Electrochemiluminescence Detection of TNT by Resonance Energy Transfer through the Formation of a TNT-Amine Complex

2,4,6-Trinitrotoluene (TNT) is a widely used nitroaromatic explosive with significant detrimental effects on the environment and human health. Its detection is of great importance. In this study, both electrochemiluminescence (ECL)-based detection of TNT through the formation of a TNT-amine complex and the detection of TNT through electrochemiluminescence resonance energy transfer (ECRET) are developed for the first time. 3-Aminopropyltriethoxysilane (APTES)-modified [Ru(phen)(3)](2+) (phen=1,10-phenanthroline)-doped silica nanoparticles (RuSiNPs) with uniform sizes of (73 +/- 3)nm were synthesized.
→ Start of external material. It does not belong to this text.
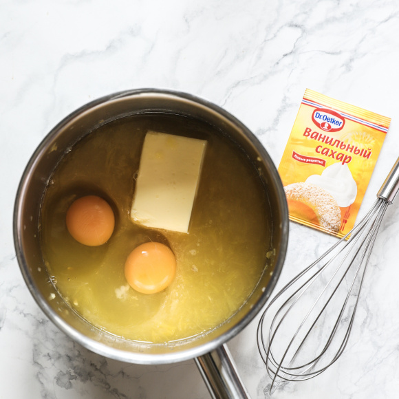 Для приготовления шоколадного гляссажа (зеркальная глазурь) варим инвертный сироп. В кастрюлю наливаем воду, засыпаем сахарный сироп и нагреваем до закипания.

TNT can interact with APTES-modified RuSiNPs through charge transfer from electron-rich amines in the RuSiNPs to the electron-deficient aromatic ring of TNT to form a red TNT-amine complex. The absorption spectrum of this complex overlaps with the ECL spectrum of the APTES-modified RuSiNPs/triethylamine system. As a result, ECL signals of the APTES-modified RuSiNPs/triethylamine system are turned off in the presence of TNT owing to resonance energy transfer from electrochemically excited RuSiNPs to the TNT-amine complex. This ECRET method has been successfully applied for the sensitive determination of TNT with a linear range from 1x10(-9) to 1x10(-6)M with a fast response time within 1min. The limit of detection is 0.3nM. The method exhibits good selectivity towards 2,4-dinitrotoluene, p-nitrotoluene, nitrobenzene, phenol, p-quinone, 8-hydroxyquinoline, p-phenylenediamine, K-3[Fe(CN)(6)], Fe3+, NO3-, NO2-, Cr3+, Fe2+, Pb2+, SO32-, formaldehyde, oxalate, proline, and glycine.